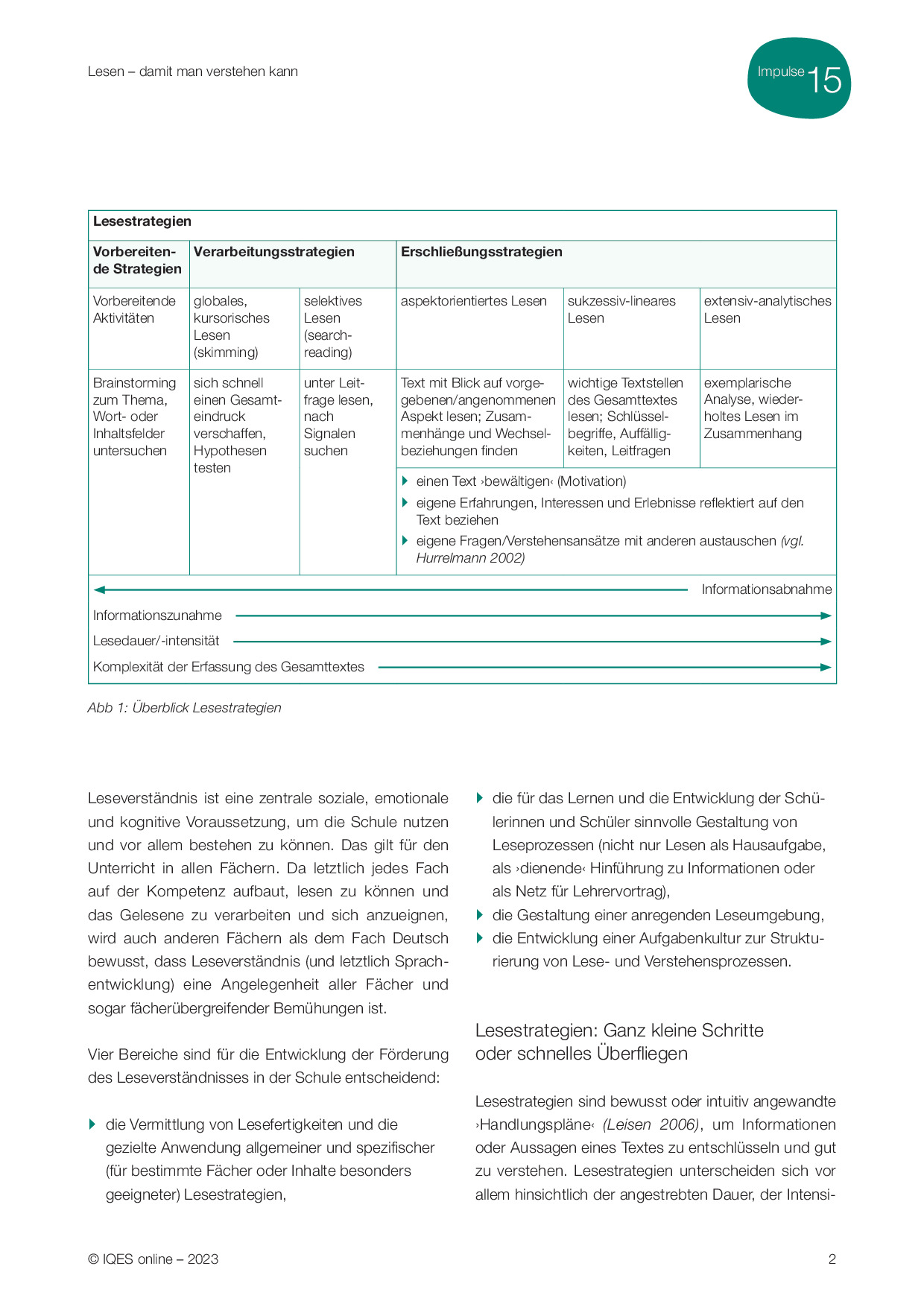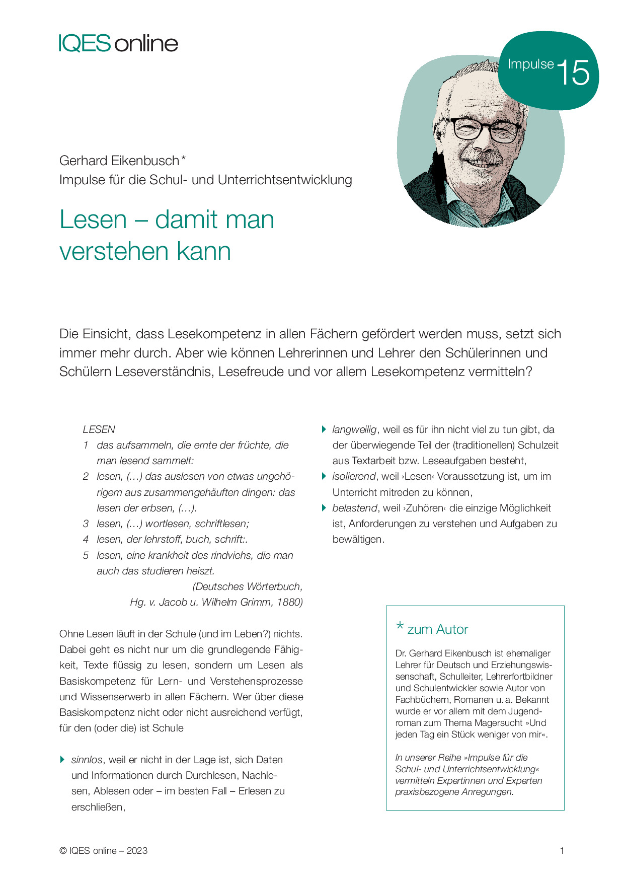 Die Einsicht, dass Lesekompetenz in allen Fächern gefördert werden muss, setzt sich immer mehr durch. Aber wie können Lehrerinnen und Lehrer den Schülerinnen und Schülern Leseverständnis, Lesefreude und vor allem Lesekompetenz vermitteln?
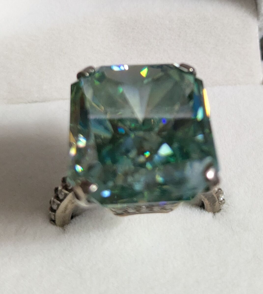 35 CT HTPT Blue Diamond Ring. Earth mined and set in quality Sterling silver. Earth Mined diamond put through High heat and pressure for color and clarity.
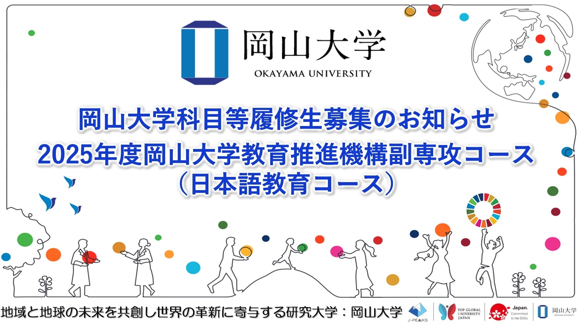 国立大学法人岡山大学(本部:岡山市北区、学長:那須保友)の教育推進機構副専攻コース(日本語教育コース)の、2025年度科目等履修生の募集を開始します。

What to work on: When you set down the material above, keep every word exact and include no pictures.

Solution for this exercise:
 Die Einsicht, dass Lesekompetenz in allen Fächern gefördert werden muss, setzt sich immer mehr durch. Aber wie können Lehrerinnen und Lehrer den Schülerinnen und Schülern Leseverständnis, Lesefreude und vor allem Lesekompetenz vermitteln?
 35 CT HTPT Blue Diamond Ring. Earth mined and set in quality Sterling silver. Earth Mined diamond put through High heat and pressure for color and clarity.
 国立大学法人岡山大学(本部:岡山市北区、学長:那須保友)の教育推進機構副専攻コース(日本語教育コース)の、2025年度科目等履修生の募集を開始します。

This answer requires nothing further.